BOSTON (Reuters) - The leader of a Massachusetts-based affiliate of the notoriously violent MS-13 gang was sentenced on Monday to 19 years in prison after being convicted in the first trial to spill out of a 2016 crackdown that led to charges against 61 people.
Rafael Leoner Aguirre, a Salvadoran national who prosecutors said oversaw a reign of violence and mayhem as the leader of an MS-13 “clique” in Chelsea, Massachusetts, was sentenced by U.S. District Judge Dennis Saylor in Boston.
His sentence was confirmed by a spokeswoman for U.S. Attorney Andrew Lelling and came after a federal jury in November found the 22-year-old guilty of racketeering conspiracy. His lawyer did not respond to a request for comment.

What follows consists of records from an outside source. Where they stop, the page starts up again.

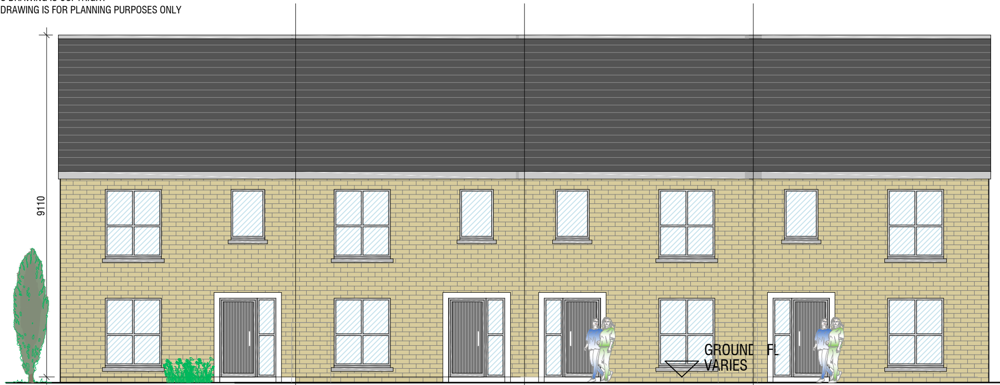
FRONT ELEVATION C6 SCALE 1:100

©THIS DRAWING IS COPYRIGHT THIS DRAWING IS FOR PLANNING PURPOSES ONLY
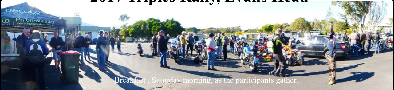
Breakfast, Saturday morning, as the participants gather.
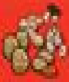
Shelled nuts and seeds 60 ml (2 tbsp)
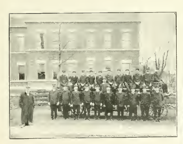
WHEATON FIRE DEPARTMENT.
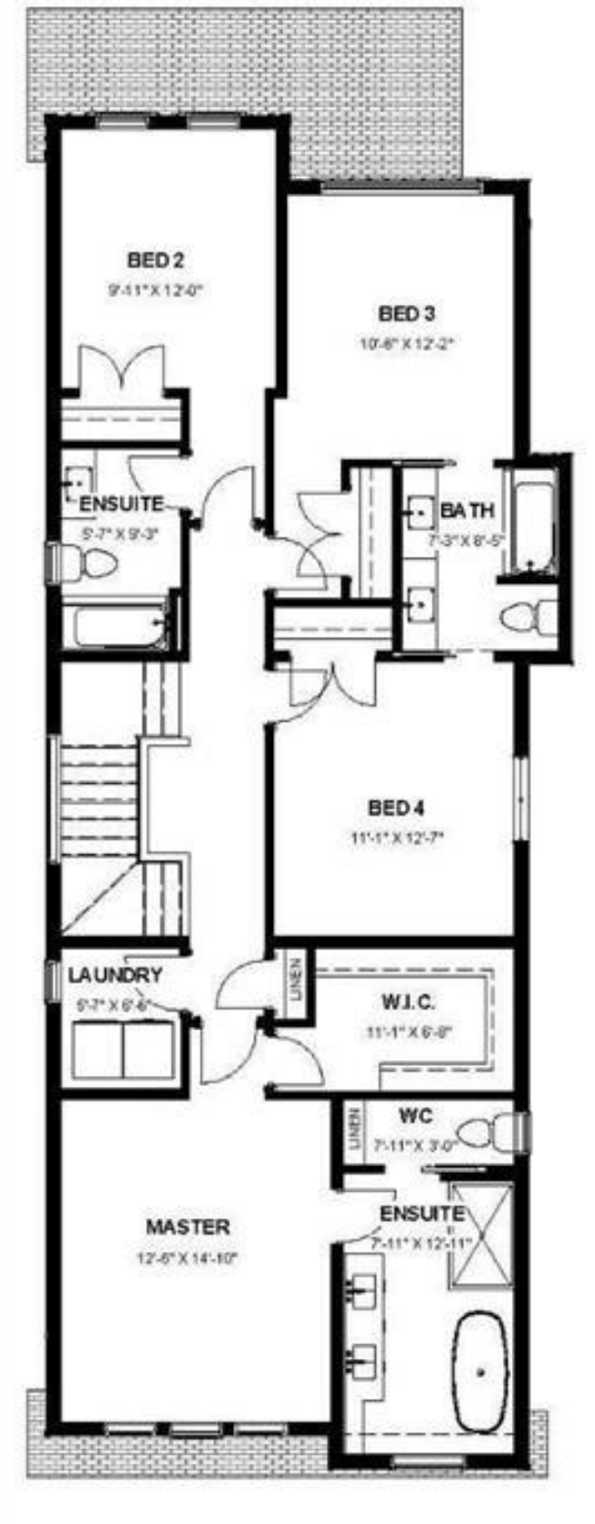
SECOND 1,245 SQ.FT. (4 BEDROOM OPTION)

Listing Office Real Estate Professionals Inc.

Leoner Aguirre’s trial was the first to result from a gang takedown that U.S. Attorney General Jeff Sessions has called an example of how authorities should tackle MS-13.

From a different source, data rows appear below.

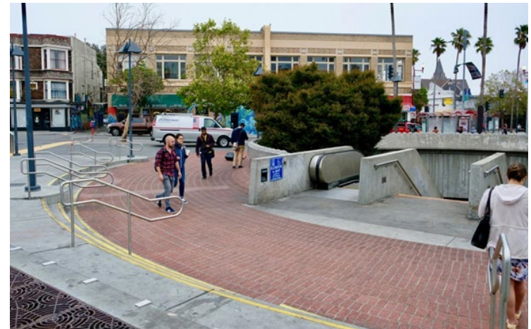
24 th St BART Plaza
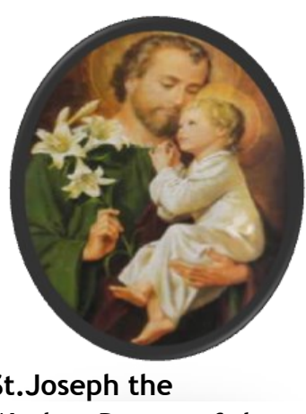
St. Joseph the Worker-Patron of the Brothers of St. Joseph the Worker.
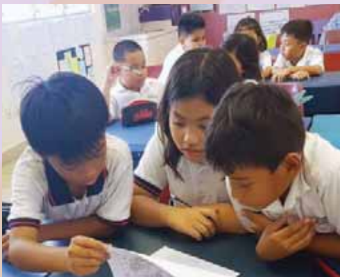
Let's put our heads together!
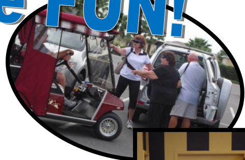
Golf Cart Scavenger Hunt 2014
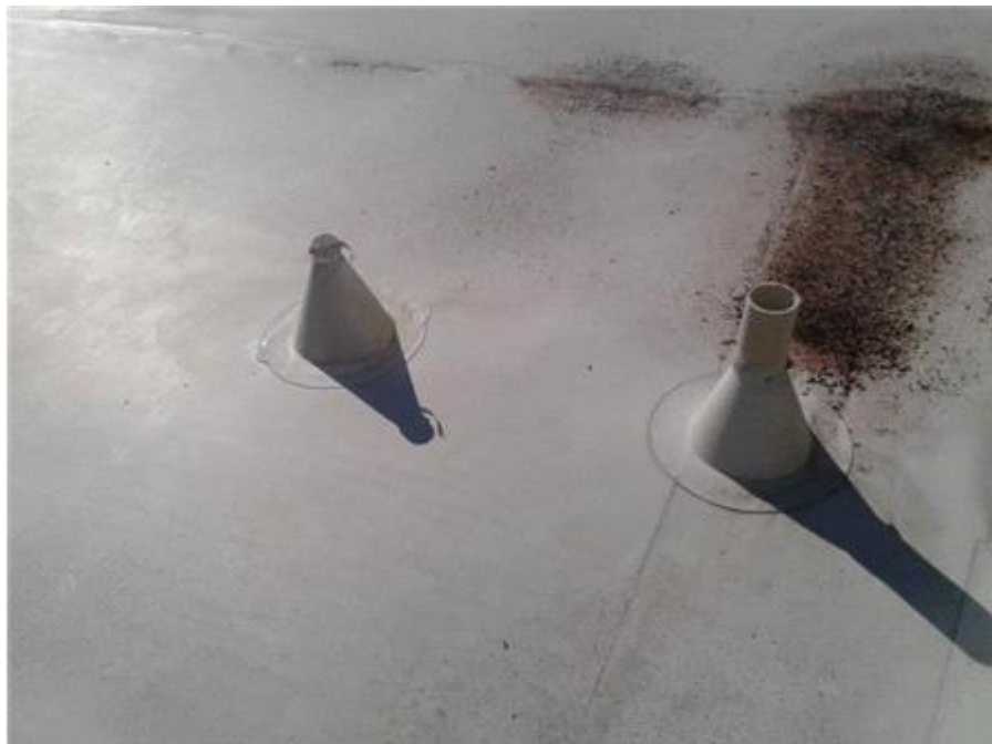
TPO Roof - Soil Stacks

Soil stack boots appear to be in good condition at this time.
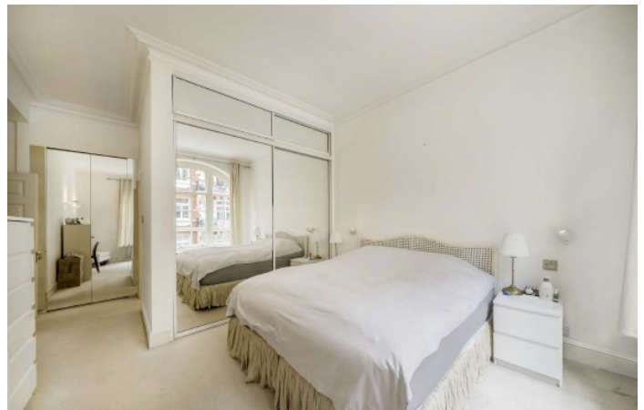
Basil Street, SW3
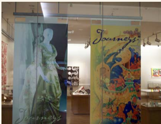
Journeys: Treasures of The Ohio State University Libraries Special Collections displayed until 1/03/2010
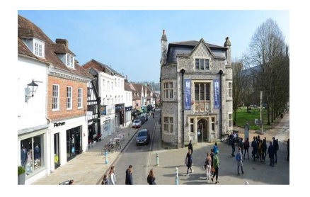
Winchester City Centre Movement and Place Plan
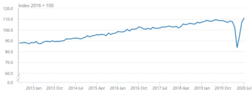
Volume sales, seasonally adjusted, Great Britain, July 2012 to July 2020

Source: https://www.ons.gov.uk/businessindustryandtrade/retailindustry/bulletins/retailsales/july2020#retail-sales-during-the-coronavirus-pandemic
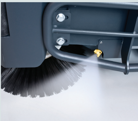
DustGuard™ system to reduce airborne dust generated by side brush sweeping up to 85%
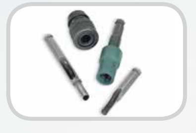
Power installation tools
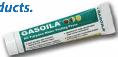
APO2 All Purpose Water Finding Paste
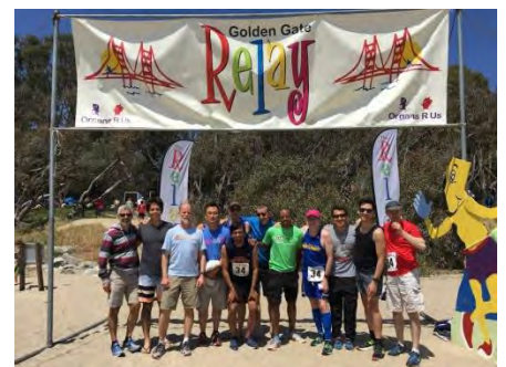
But the finish was glorious!
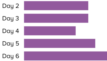
CSIV Distance Chart
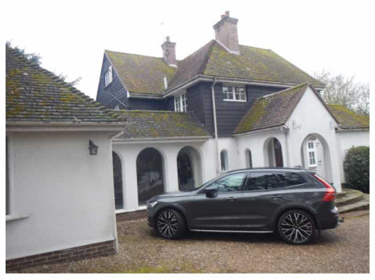
and link sections
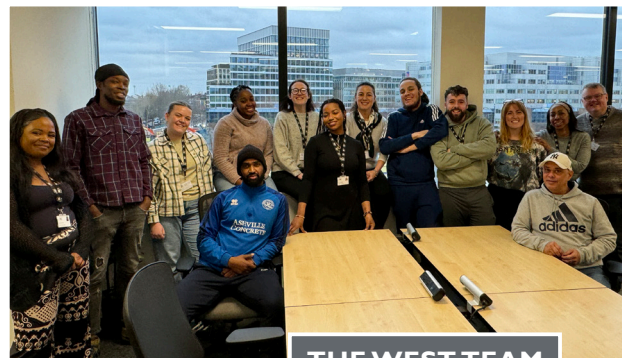
THE WEST TEAM
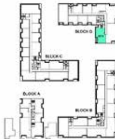
LEVEL 02 - 06

Republican U.S. President Donald Trump has called MS-13 “savage” and has tied efforts to fight the gang, whose members include Salvadoran immigrants, to his initiatives targeting illegal immigration.
MS-13 started in Los Angeles in the 1980s. It has grown into an organization with leadership in El Salvador that the U.S. Justice Department says has 30,000 members worldwide and 10,000 in the United States.

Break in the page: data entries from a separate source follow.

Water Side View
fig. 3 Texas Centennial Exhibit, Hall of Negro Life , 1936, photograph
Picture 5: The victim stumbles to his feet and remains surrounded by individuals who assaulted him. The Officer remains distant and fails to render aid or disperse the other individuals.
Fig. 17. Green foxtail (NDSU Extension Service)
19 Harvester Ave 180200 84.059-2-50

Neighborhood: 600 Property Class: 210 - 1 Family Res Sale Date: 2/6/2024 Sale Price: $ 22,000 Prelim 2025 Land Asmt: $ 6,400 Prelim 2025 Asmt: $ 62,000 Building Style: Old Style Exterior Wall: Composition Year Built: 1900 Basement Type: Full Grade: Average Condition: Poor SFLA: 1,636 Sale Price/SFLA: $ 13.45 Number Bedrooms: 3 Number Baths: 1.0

Prosecutors said Leoner Aguirre encouraged members of an MS-13 clique known as Enfermos Criminal Salvatrucha to attack and kill rival gang members and commit robberies. Leoner Aguirre himself attempted to commit two murders, prosecutors said.
Leoner Aguirre, who illegally immigrated from El Salvador in 2013, was at the time of his federal conviction already incarcerated based on state charges stemming from one of the two alleged attempted murders, an April 2014 shooting.
A state court judge in August 2015 sentenced him to four to five years in prison after he was convicted of assault with intent to kill. Leoner Aguirre’s federal sentence will begin after he completes his state sentence.
To date, 40 other people charged alongside Leoner Aguirre have either pleaded guilty or been convicted at trial.